A second source of discrepancy is the conflation of intersubjective depth with intersubjective breadth. Depth refers to the number of recursive perspective-taking levels within a dyadic exchange (e.g., S’s belief about O’s belief about S’s belief). Breadth refers to the number of agents whose perspectives are tracked simultaneously (e.g., tracking A’s, B’s, and C’s separate beliefs). Research on interpersonal perception measures depth within dyads, capping out at meta-meta-perspectives (Assa-Eley & Kimberlin, 2005; Heasman & Gillespie, 2017; Koerner & Schrodt, 2014). Research on orders of intentionality has tended to count the mindstates of all agents, combining intersubjective depth and breadth (Dunbar et al., 2016). A six-order story with three agents may have only three levels of depth. Distinguishing intersubjective depth and breadth explains why intentionality research reports higher orders of intentionality.

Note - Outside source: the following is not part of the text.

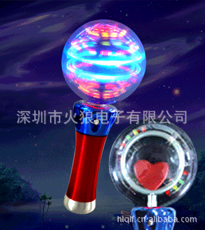 LED灯可供选择的颜色有:红,黄,橙,绿,蓝,粉红,翠绿,白色等,色彩鲜艳,光彩夺目。发光旋转球,发光棒子,深圳市火狼电子厂是一家专业生产发光转球的厂家,发光旋转球中有两颗红灯,一颗黄灯,一颗蓝灯,一颗绿灯,通过不停旋转变换出七彩的效果,旋转部分的小公仔可以根据客户的要求开模,比如史迪仔、星级宝贝、小浣熊、乔巴等各种可爱的小公仔。灯光部分可以根据客户的要求定制不同的颜色,只要你想的到,我们就可以做到。是小朋友们非常喜爱的玩具,也是促销礼品发光礼品的最佳选择之一。欢迎广大客户前来咨询订购!

Finally, why have interpersonal-structural approaches neglected the third level of intersubjectivity despite conceptualizing it as critical for resolving misunderstandings? I suggest it is because they use questionnaires. Questionnaire items about meta-meta-perspectives are confusing to answer and produce messy results. The issue is that asking an explicit question about any level of intersubjectivity entails responding at one level higher (Gillespie & Cornish, 2010). In contrast, orders of intentionality have been observed in jokes (Dunbar et al., 2016) and in recalled story elements (Kinderman et al., 1998). Observational methods have an advantage because they don’t require participants to self-report on their perspective-taking; it is done by the researchers.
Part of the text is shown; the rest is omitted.